*** Dataset excerpt ***
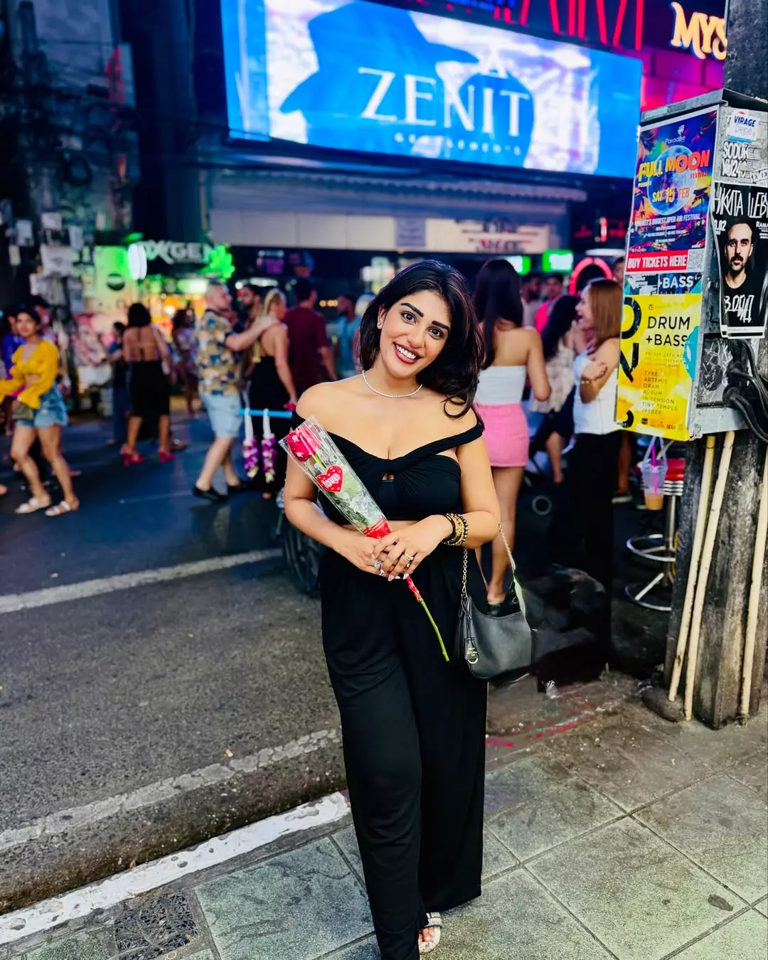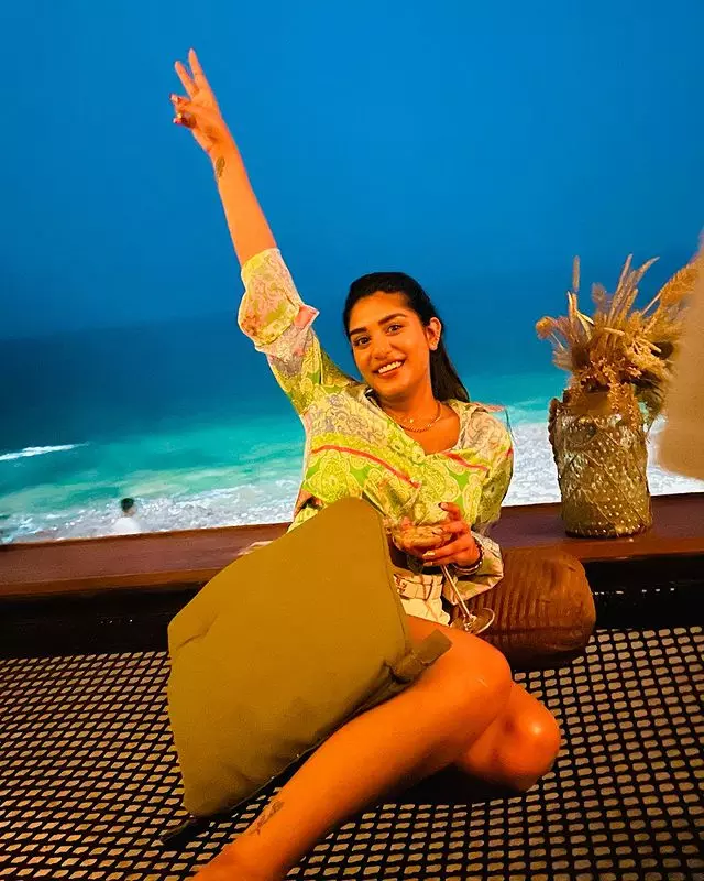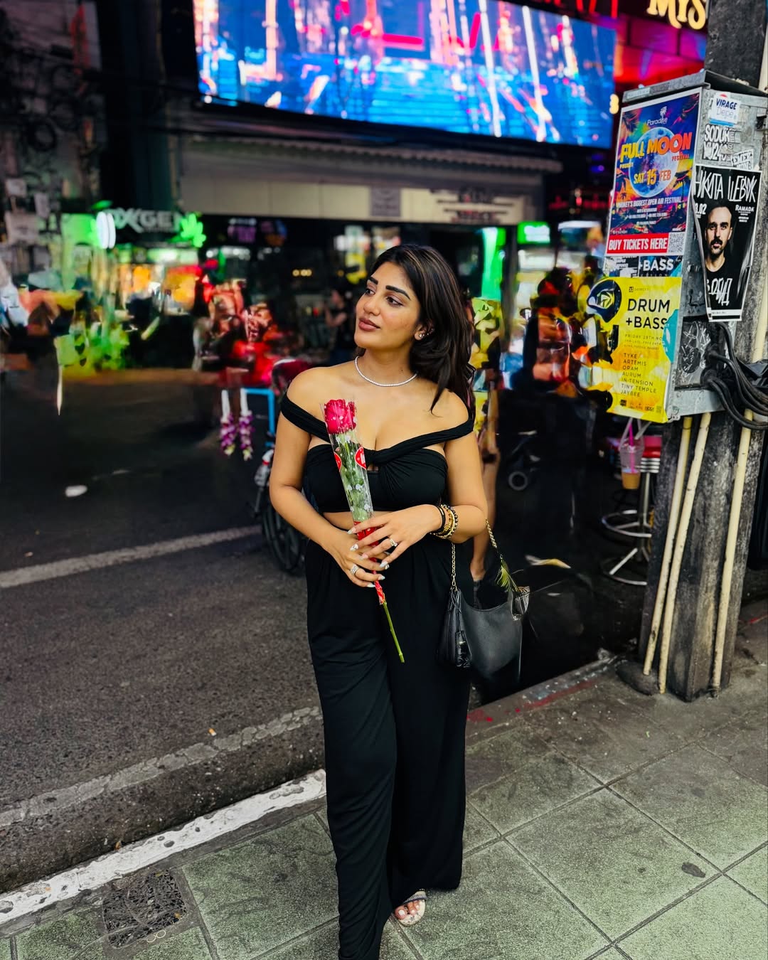 Adding to the glamour, Supritha accessorizes with layered gold jewelry, a statement watch, and cool black sunglasses that perfectly elevate her party-ready mood. With her hair tied back in a classy ponytail and a radiant smile, she carries the look with absolute ease and charisma.
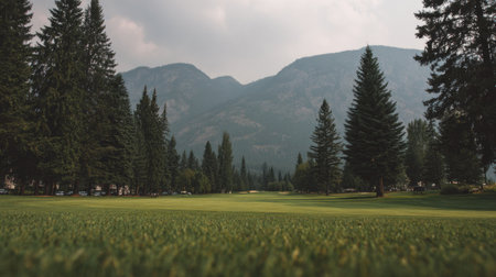 A picturesque golf course stretches across a lush green landscape, framed by tall trees and majestic mountains under a soft, cloudy sky, inviting relaxation.
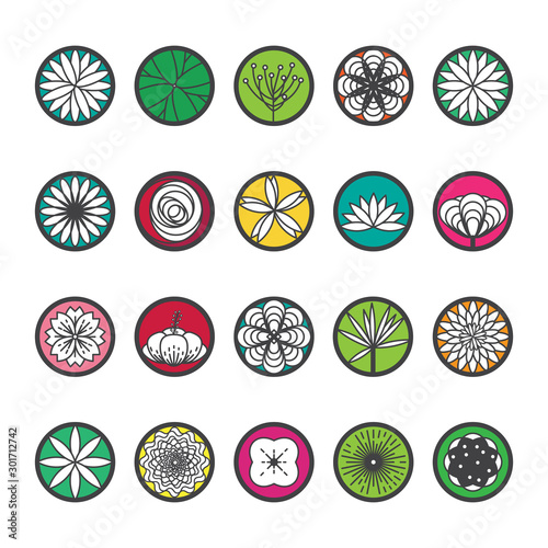 Flowers icons in a round shape. Single line style. Editable.
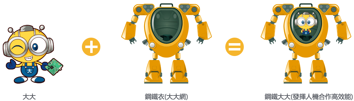 當工業4.0著眼於機器人,大聯大秉持永不放棄人的精神,思考代表工業3.5數位價值的鋼鐵人,將大聯大吉祥物代表『大大』放在鋼鐵人的心中,代表要善用大大的腦及心,鋼鐵人的四肢僅是提供平台及工具,當大大穿上鋼鐵衣,鋼鐵大大就能盡情發揮工作效能。透過人與智慧機械的合作,強化人的機能與效率,能提高未來工業4.0的進入成本及競爭門檻,以此打造大聯大芯通路。
***
#### [Your goal]
When you set down the material above, keep every word exact and include no pictures.

#### [Exercise answer]
 Adding to the glamour, Supritha accessorizes with layered gold jewelry, a statement watch, and cool black sunglasses that perfectly elevate her party-ready mood. With her hair tied back in a classy ponytail and a radiant smile, she carries the look with absolute ease and charisma.
 A picturesque golf course stretches across a lush green landscape, framed by tall trees and majestic mountains under a soft, cloudy sky, inviting relaxation.
 Flowers icons in a round shape. Single line style. Editable.
 當工業4.0著眼於機器人,大聯大秉持永不放棄人的精神,思考代表工業3.5數位價值的鋼鐵人,將大聯大吉祥物代表『大大』放在鋼鐵人的心中,代表要善用大大的腦及心,鋼鐵人的四肢僅是提供平台及工具,當大大穿上鋼鐵衣,鋼鐵大大就能盡情發揮工作效能。透過人與智慧機械的合作,強化人的機能與效率,能提高未來工業4.0的進入成本及競爭門檻,以此打造大聯大芯通路。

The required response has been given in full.